The further life way of Lieserl is also today not yet finally clarified. Michele serrating home comes in its book, "Einstein's daughter" to the conclusion that Lieserl was mentally handicapped from birth and lived with Milevas family. The moreover it is convinced of the fact that Lieserl died in September 1903 at the consequences of a crowd laughter infection.
But that hot spurt of angry-at-strangers syrup is taking its time to dissolve. My shoulders, my incipient dewlaps, too, are tingling. I must analyze, I can’t release, this male who would make of his own pokings and peepings something too precious for my infidel eyes. Now, frankly, I stare.
In addition, the letters specified above put the assumption close that Lieserl was released after the birth for adoption.
Thirty-five to my age, maybe. Hair reddish blond; eyelashes sparse; among the pale facial planes more hollows than bulges; lower lip thick, possibly pout-thickened. Unremarkably clothed until the dreadful russet-colored shoes, an obscure euro-hybrid of the orthopedic and sportif—sporthos. . .as once favored by Aeneas.
In a letter of Einstein from 19 September 1903 at Mileva Lieserl a last mark was mentioned. Afterwards one receives nothing more from Lieserl Einstein Maric.
He stands to exit at Canal Street. I picture him beloved in his past by a woman whose better judgment had been to pass him by. But his persistence, or her own boredom, or a sharp and recent pain, an August doldrums—something had persuaded her to look again. “Unprepossessing, yes, but anyway a man." Or perhaps it went, “Just maybe.” Three to five days later she loved. His pettishness, his pouting, his thin skin, his bad table manners, his addiction to gadgetry, his incipient hair loss: every bit of him became adorable, every oddity (or not) to be defended as the lioness her cubs. He had no sense of humor: Not really! He didn’t please her in bed (not really): He’d learn to try. Here was a man conquering things of the mind every day, a soldier of thought. How could he fail to solve her simple body? Later all they’d been through all the many messy painful months had simplified her love. He was her fate; she, his: had to be.
The reasons, why Albert Einstein and Mileva Maric did not take their daughter after the birth to itself, are not to be described here more near.
Six months after that he told her it wasn’t working for him anymore.
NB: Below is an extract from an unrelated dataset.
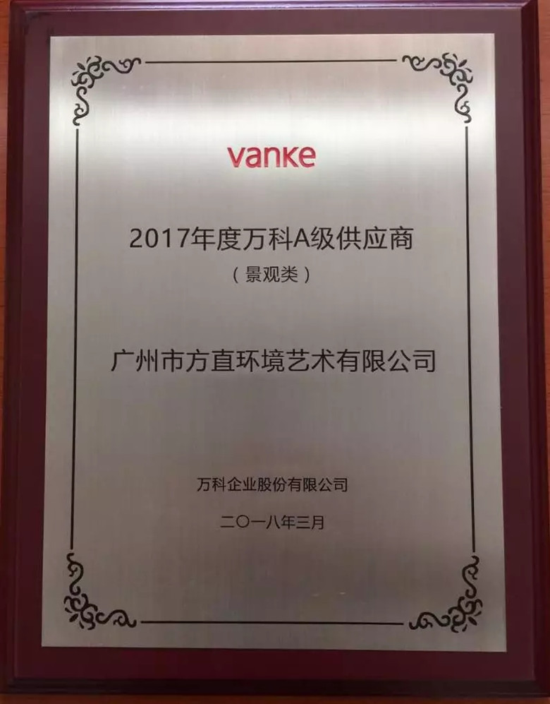 2018年3月荣获2017年度万科A级供应商(景观类)

He wanted to travel, he thought. He wanted to do something original with his ideas, he told her. While his friends from college were having these huge careers and here he was. She was always criticizing him. And yes he’d met someone else but that really wasn’t the point.
Also today there are no signs for the fact that Albert Einstein saw his daughter ever.
Einstein, my sister said, instantly, when I told her I needed a dead man who'd hurt the woman who loved him. Einstein and his wife, because he was in love with his cousin who'd nursed him through a breakdown.

All quotations taken from on-line “automatic translation” of original German.